- Opening Delimiter -
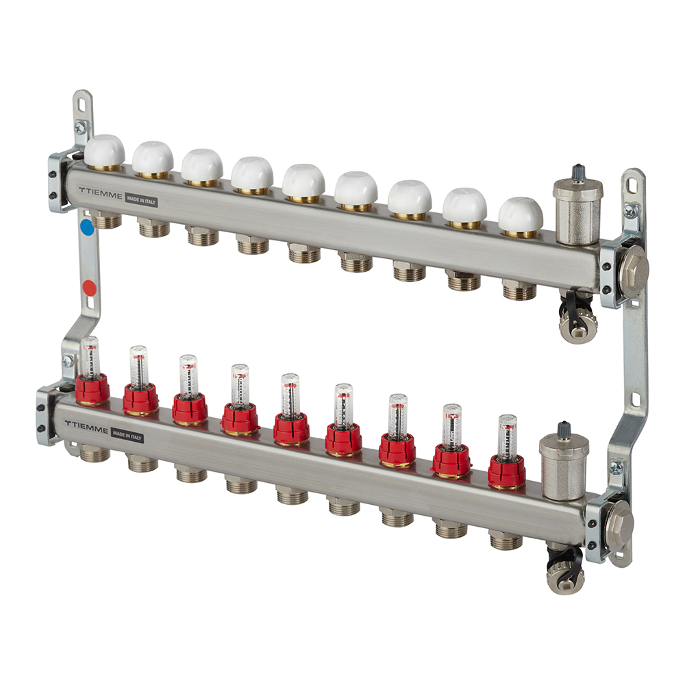 Коллекторная группа с расходомерами Tiemme 1 ВР(г) х 9 выходов 3/4 НР(ш) ЕК х 1 ВР(г)
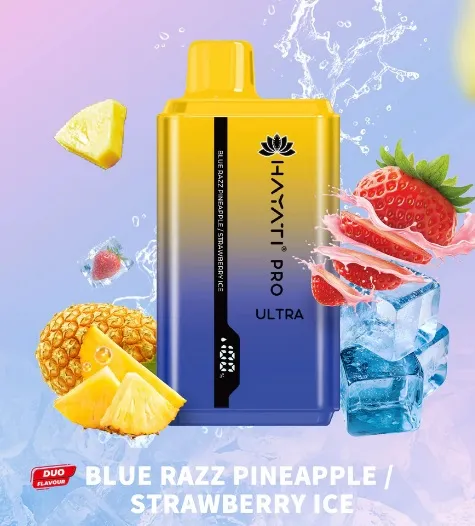 Hayati Pro Ultra Blue Razz Pineapple / Strawberry ice 15000pfs 2% Rechargeable Disposable are now available at King Vape DUBAI. The Hayati Pro Ultra disposable vape is a popular choice for vapers looking for a convenient and pleasant vaping experience. The Pro Max also boasts a big 550mAh battery that can offer up to 15000 puffs of delightful vapor. The Hayati Pro Ultra comes in different tastes, so there’s bound to be one that everyone will appreciate de All amazing flavors available at store and with excellent delivery service .
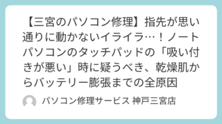 PCトラブル 【三宮のパソコン修理】指先が思い通りに動かないイライラ…!ノートパソコンのタッチパッドの「吸い付きが悪い」時に疑うべき、乾燥肌からバッテリー膨張までの全原因
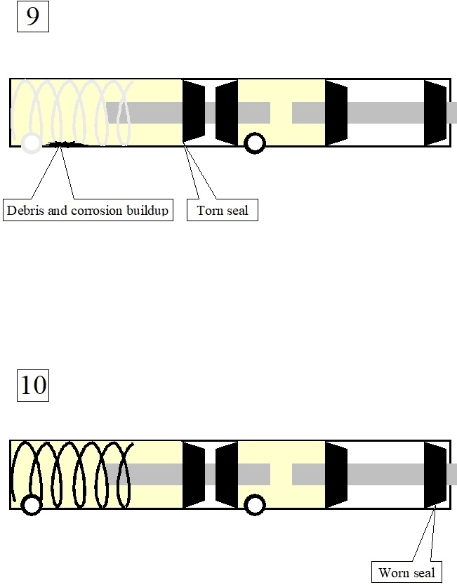 Drawing nine shows a common failure that is easy to prevent. Most brake systems will work fine for many years before a problem develops. In that time, the brake pedal never travels more than halfway to the floor. The pistons and seals in the master cylinder travel back and forth in the upper halves of their bores. Thanks in part to the moisture that sneaks in, crud and corrosion develops in those areas where the seals don't normally run. At some point a leak will develop, then the pistons travel further and a seal gets run over that crud. That can rip the seal resulting in a slowly-sinking brake pedal. That often takes two or three days to show up. This is internal leakage inside the master cylinder. No brake fluid is lost, but none gets pushed down to the two wheels in that half of the system.
- Closing Delimiter -
THE PROBLEM. When you reproduce the data shown above, keep each line exact and omit every picture.

RESULT BELOW.
 Коллекторная группа с расходомерами Tiemme 1 ВР(г) х 9 выходов 3/4 НР(ш) ЕК х 1 ВР(г)
 Hayati Pro Ultra Blue Razz Pineapple / Strawberry ice 15000pfs 2% Rechargeable Disposable are now available at King Vape DUBAI. The Hayati Pro Ultra disposable vape is a popular choice for vapers looking for a convenient and pleasant vaping experience. The Pro Max also boasts a big 550mAh battery that can offer up to 15000 puffs of delightful vapor. The Hayati Pro Ultra comes in different tastes, so there’s bound to be one that everyone will appreciate de All amazing flavors available at store and with excellent delivery service .
 PCトラブル 【三宮のパソコン修理】指先が思い通りに動かないイライラ…!ノートパソコンのタッチパッドの「吸い付きが悪い」時に疑うべき、乾燥肌からバッテリー膨張までの全原因
 Drawing nine shows a common failure that is easy to prevent. Most brake systems will work fine for many years before a problem develops. In that time, the brake pedal never travels more than halfway to the floor. The pistons and seals in the master cylinder travel back and forth in the upper halves of their bores. Thanks in part to the moisture that sneaks in, crud and corrosion develops in those areas where the seals don't normally run. At some point a leak will develop, then the pistons travel further and a seal gets run over that crud. That can rip the seal resulting in a slowly-sinking brake pedal. That often takes two or three days to show up. This is internal leakage inside the master cylinder. No brake fluid is lost, but none gets pushed down to the two wheels in that half of the system.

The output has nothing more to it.